Saved data entries:
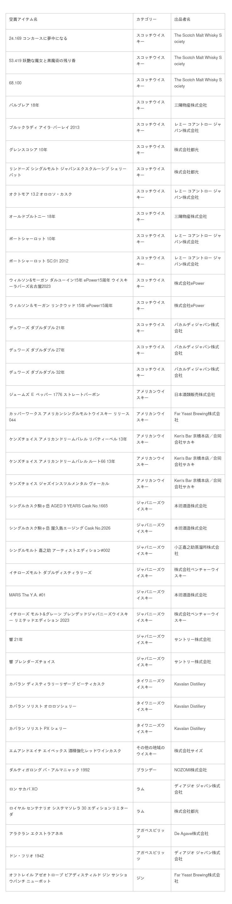 【TWSC2023洋酒部門 最高金賞受賞アイテム一覧】
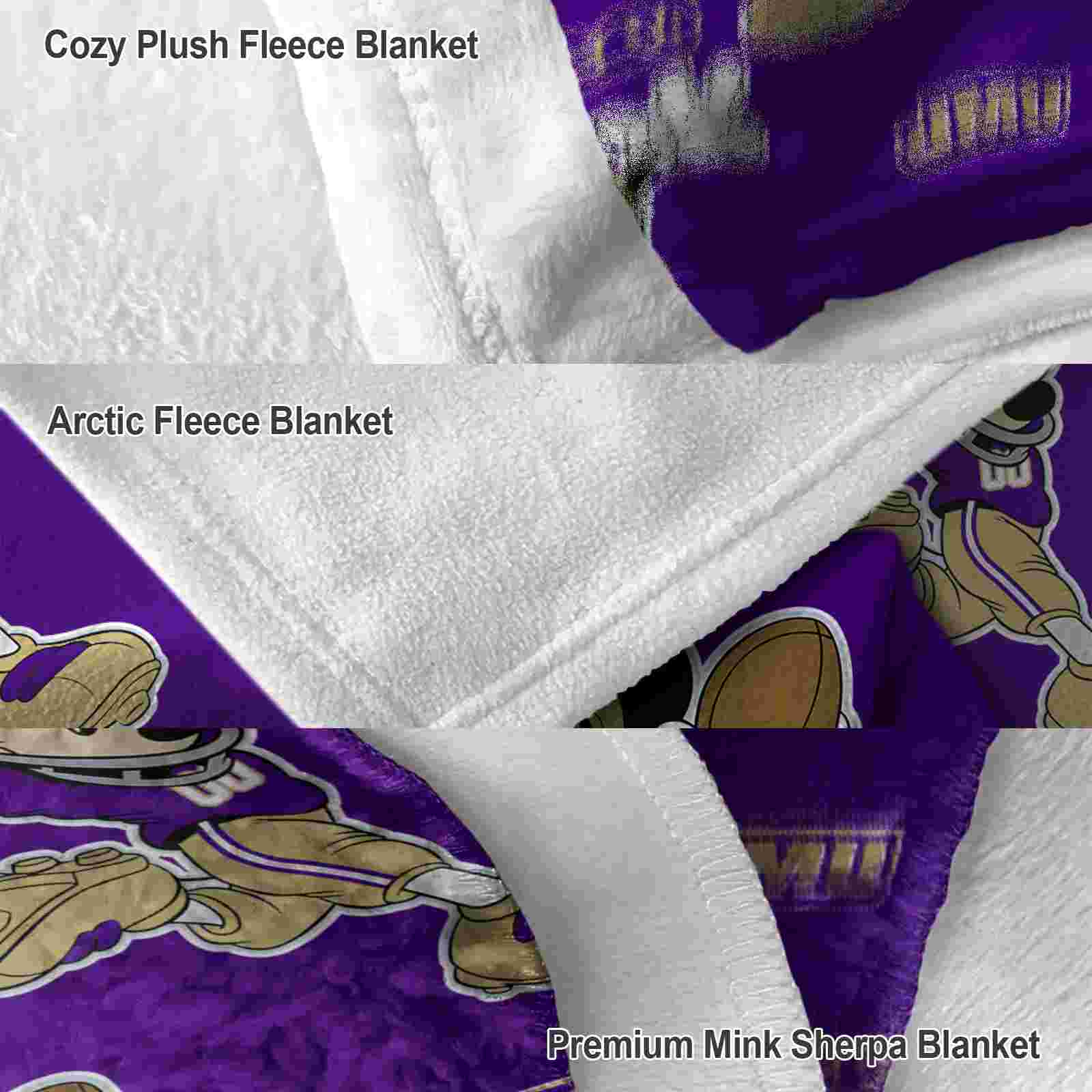 The Customized James Madison Dukes Mickey Purple Blanket isn't just a blanket—it's your connection to the game. Snuggle up while reliving legendary plays or dreaming of future championships. Its bold, team-inspired designs keep your love for the sport front and center, while its easy-care durability means it's always ready for your next adventure. From cheering at home to showcasing your loyalty on the go, this item of NCAA Blankets collection is made for fans who live and breathe the game.
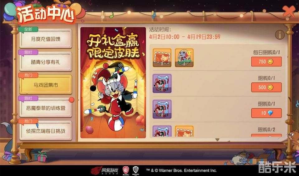 为观众带去快乐,是小丑的最大愿望,但在猫鼠追逐中,恶魔泰菲·小丑王除了要为玩家们带来欢笑外,也要用独特的滑稽戏战胜猫咪,赢得比赛!4月2日至19日,马戏团集市将限时开业,玩家们可选购超值好礼或小丑王皮肤礼盒,礼盒必出小丑王皮肤碎片,且有几率直接获取该皮肤。
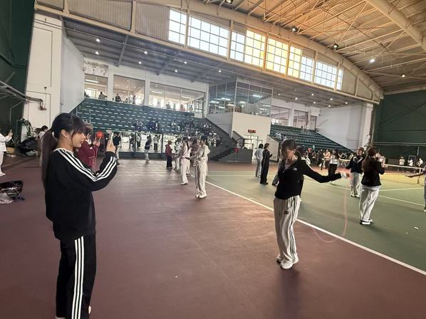 跳绳赛场节奏明快,选手轻盈跃动的身影成为春日美景,让学子在运动中享受乐趣、锤炼意志。
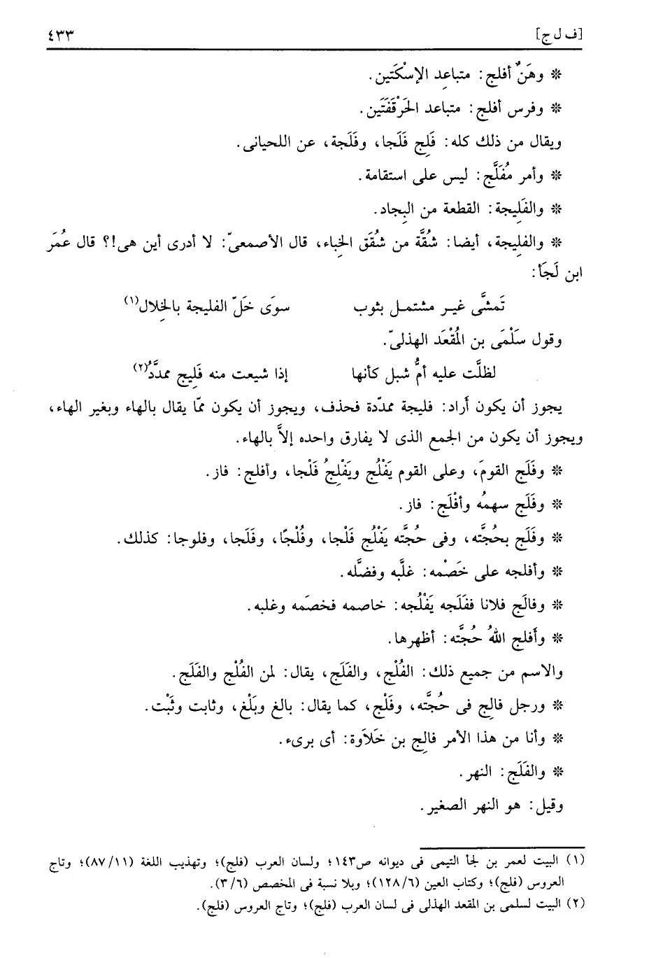 يجوز أَن يكون أَرَادَ: فليجة ممددة فَحذف، وَيجوز أَن يكون مِمَّا يُقَال بِالْهَاءِ وَبِغير الْهَاء. وَيجوز أَن يكون من الْجمع الَّذِي لَا يُفَارق واحده إِلَّا بِالْهَاءِ.
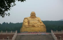 彌勒勝苑正門的牌坊高9.9米,寬12.5米,為四柱三門沖天式,整體造型莊重博大,氣勢(shì)不凡。主佛像為大肚彌勒佛,佛像通體高20米,采用3mm銅板焊接而成,花崗石質(zhì)的蓮花寶座高約9米,直徑30米,號(hào)稱“江北第一大佛 ”。佛像周圍的巖壁,雕刻了十八羅漢。主佛像身后的環(huán)形山崖上,是彌勒佛的生平事跡介紹的大型浮雕,其長(zhǎng)36米,高3.5米,面積126平方米。
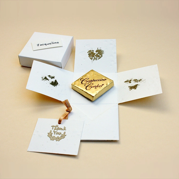 Explosionsbox Dankeschön, Gastgeschenk oderTischkarte (Hochzeit, Taufe Geburtstag) handgefertigt Maße: 5 x 5 cm, Prägekarton Herzen elfenbein, »Thank You«-Karte, Namensschild, Schoki, Verzierungen Schmetterlinge und Herz, Embossing Gold
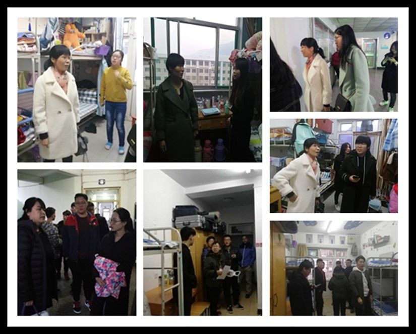 党委副书记杜苇老师、科研科副科长研究生辅导员周月琴老师,学生科和团委全体辅导员老师参与检查此次检查工作。
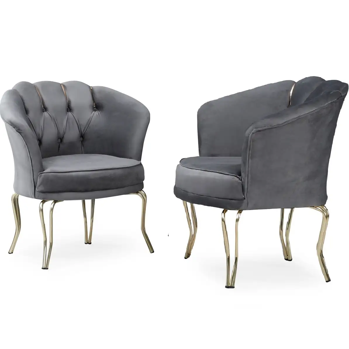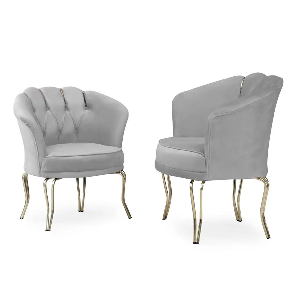 Cu un design inspirat din estetica art-deco, fotoliul Viena în nuanța gri cu detalii aurii, aduce un echilibru perfect între rafinament și subtilitate. Silueta sa sculpturală, ce evocă delicatețea unei scoici, transformă această piesă într-un element decorativ sofisticat și de impact.
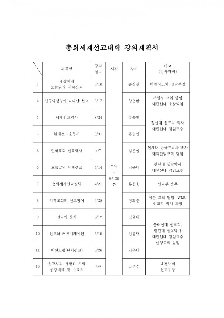 총회세계선교대학 개설안내(2025.3.10.~6.2 / 대전신학대학교 선교학과)
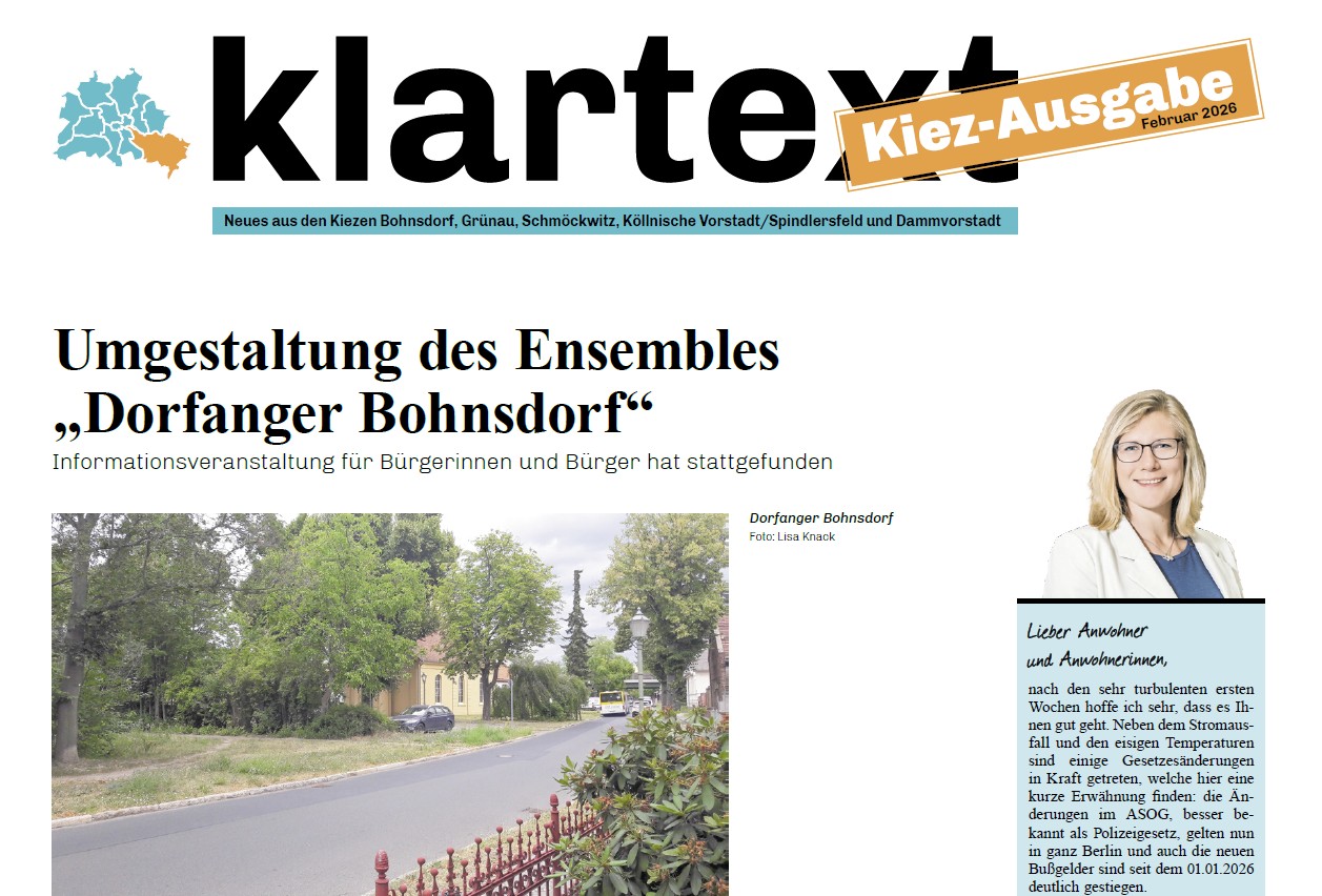 Klartext Kiez-Einleger Treptow-Köpenick Ausgabe Februar 2026
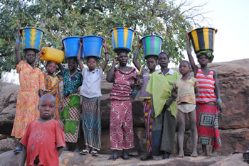 Vi begynder vandreturen i højt tempo. Salimata og Monatou vil gerne hurtigt frem for at undgå at bære så lang tid.
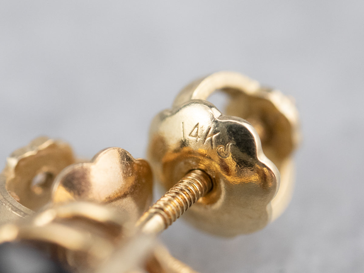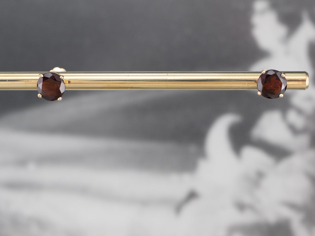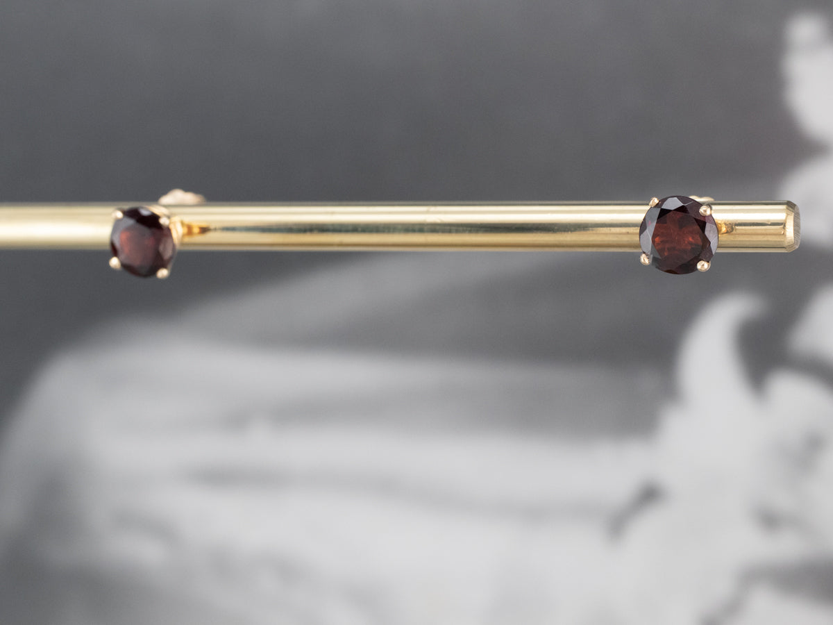 ¡Estos sencillos aretes son una adición versátil a cualquier colección de joyas! Son de oro amarillo de 14 quilates, un encantador complemento a los granates de color rojo intenso que se encuentran en el centro. Los fornituras con pasador de rosca mantienen estos aretes muy seguros y los hacen perfectos para el uso diario.
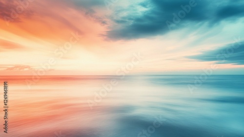 © AlfaSmart, Fototapeta premium Tranquil ocean sunset with vibrant sky and smooth waves
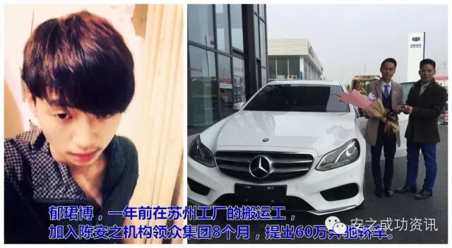2.郁珺博,一年前在苏州工厂做搬运工,加入陈安之机构领众集团1年拥有自己的价值60万的奔驰。

## Task goal:
Extract only the lines from the line containing "el uso diario." through the final line of the records; keep both ends and drop every picture.

## Final answer:
 ¡Estos sencillos aretes son una adición versátil a cualquier colección de joyas! Son de oro amarillo de 14 quilates, un encantador complemento a los granates de color rojo intenso que se encuentran en el centro. Los fornituras con pasador de rosca mantienen estos aretes muy seguros y los hacen perfectos para el uso diario.
 © AlfaSmart, Fototapeta premium Tranquil ocean sunset with vibrant sky and smooth waves
2.郁珺博,一年前在苏州工厂做搬运工,加入陈安之机构领众集团1年拥有自己的价值60万的奔驰。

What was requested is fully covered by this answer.